E’ possibile lucrare l’indulgenza plenaria per le anime dei nostri cari. Essa ottiene la remissione della pena temporale dovuta per i peccati. Ogni colpa, anche dopo il perdono, lascia come un debito da riparare per il male commesso. La Chiesa traendo dal suo tesoro “spirituale”, costituito dalle preghiere dei Santi e dalle opere buone compiute da tutti i fedeli, quanto è da offrire a Dio perché Egli “condoni” alle anime dei defunti quella pena che altrimenti essi dovrebbero trascorrere nel Purgatorio.
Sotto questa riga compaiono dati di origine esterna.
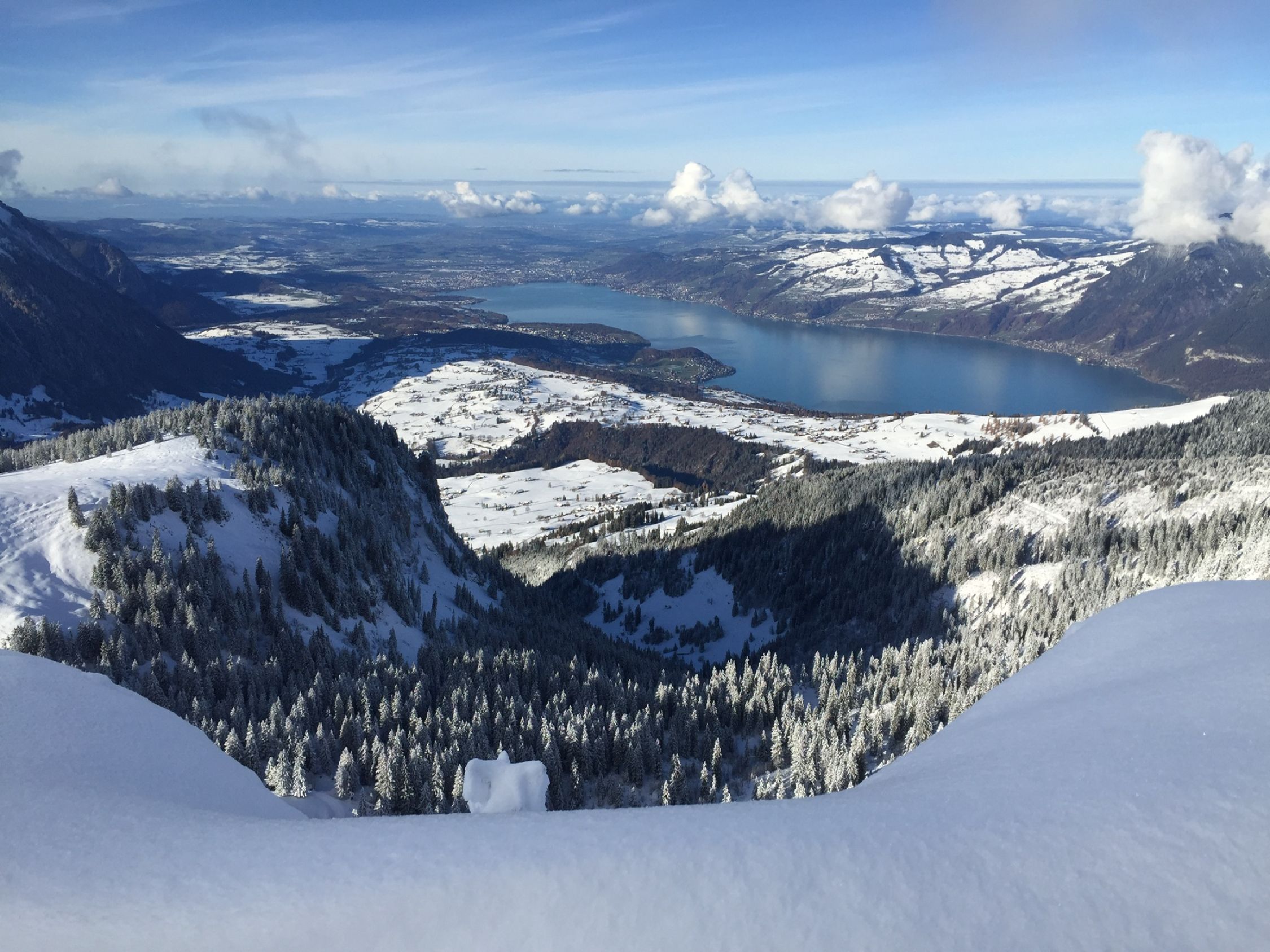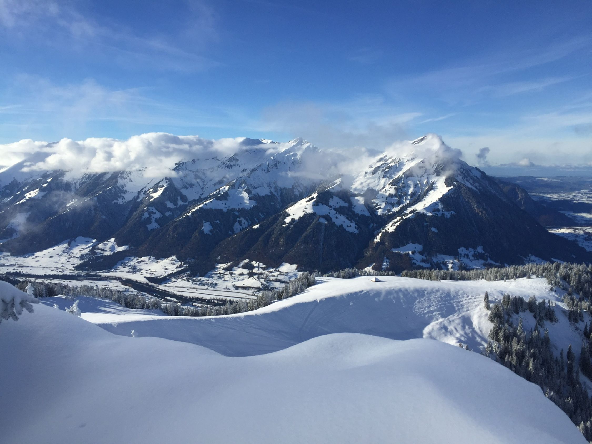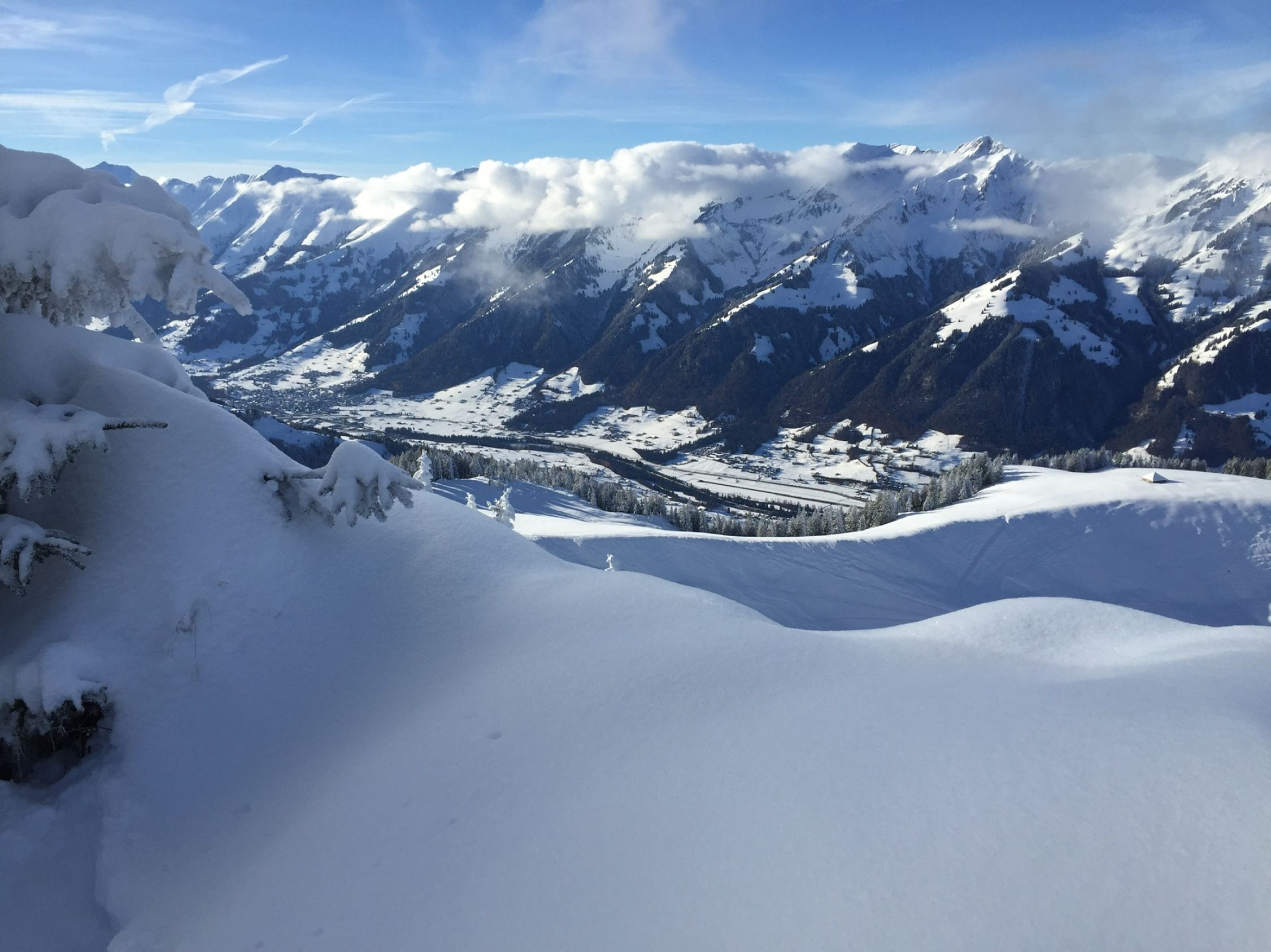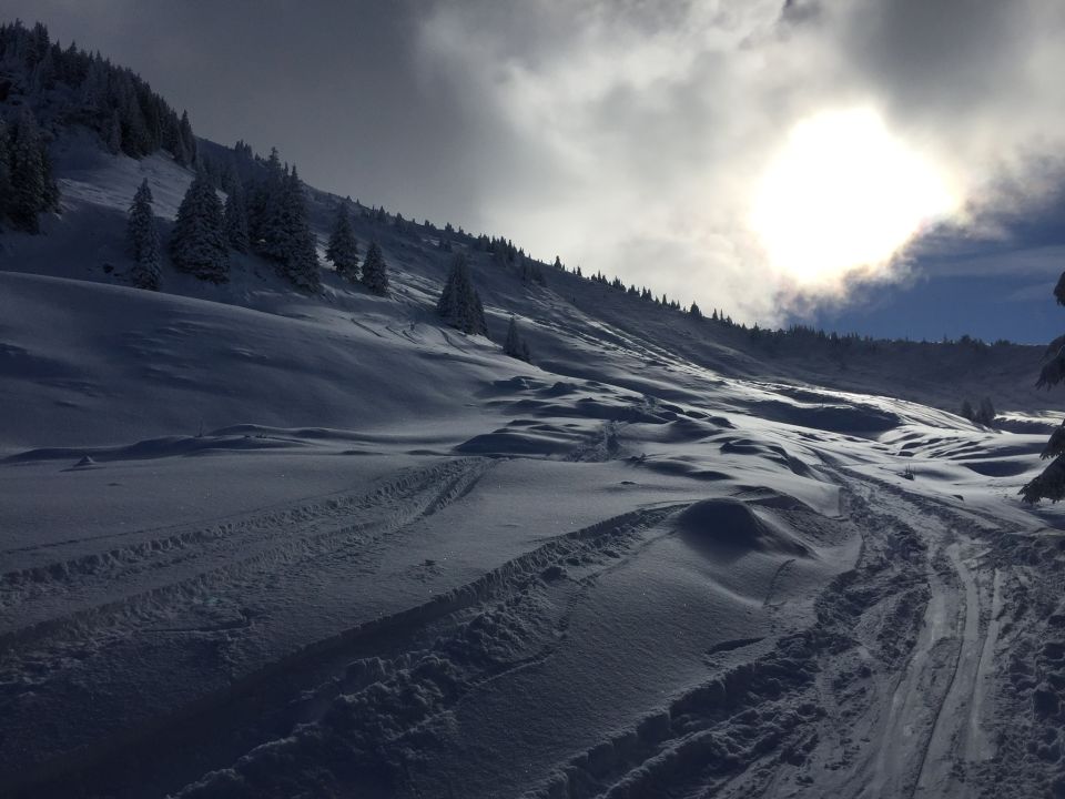 Start auf 900 m.ü.M. 20 cm Pulver, -3 Grad, sonniges Wetter. Musste nicht lange Spuren…später start um 11 Uhr. Auf ca 1300 ca 30 cm Schnee. Forststrasse durch Wald sehr gut eingeschneit. Oberhalb 1700 ca 40 cm . Ganz oben knapper halber Meter vor allem in Mulden. Gipfelhang mit altem Ski und umsichtiger Fahrweise gut machbar . Unten sicher auch knapp aber Grashänge und wenig Steine. Paar Kratzer erwischt….

L’indulgenza più nota è legata alla commemorazione di tutti i defunti, il 2 novembre, mediante: visite alle tombe, celebrazione Eucaristica al cimitero, visita a una Chiesa.

Si può lucrare l’indulgenza plenaria a partire dal mezzogiorno del 1° novembre a tutto il 2 novembre.

Si può lucrare una sola volta ed è applicabile solo ai defunti. Visitando una Chiesa, (si reciti almeno un Padre nostro e il Credo).

A questa si aggiungono le tre solite condizioni Confessione, Comunione, preghiera secondo le intenzioni del Papa (Pater, ave, gloria).

Queste tre condizioni possono essere adempiute anche nei giorni precedenti o seguenti il 2 novembre. Nei giorni dall’1 all’8 novembre chi visita il cimitero e prega per i defunti può lucrare una volta al giorno l’indulgenza plenaria, applicabile ai defunti, alle condizioni di cui sopra.

Non dimentichiamoci di loro. Offriamo a Dio le nostre preghiere per coloro che aspettano di raggiungerLo.

Buon novembre a tutti!

2 commenti Aggiungi il tuo

  1. Malisony ha detto:

    Sono bellissime parole, toccanti, che aprono gli occhi. La cosa che dici è saggia. Molto spesso ci si ricorda di andare al cimitero e pregare i morti solo nella loro ricorrenza annuale. Ma secondo me si dovrebbe sempre avere la costanza, salvo impedimenti, almeno di pregare e far dire la messa per i defunti in qualsiasi momento dell’anno.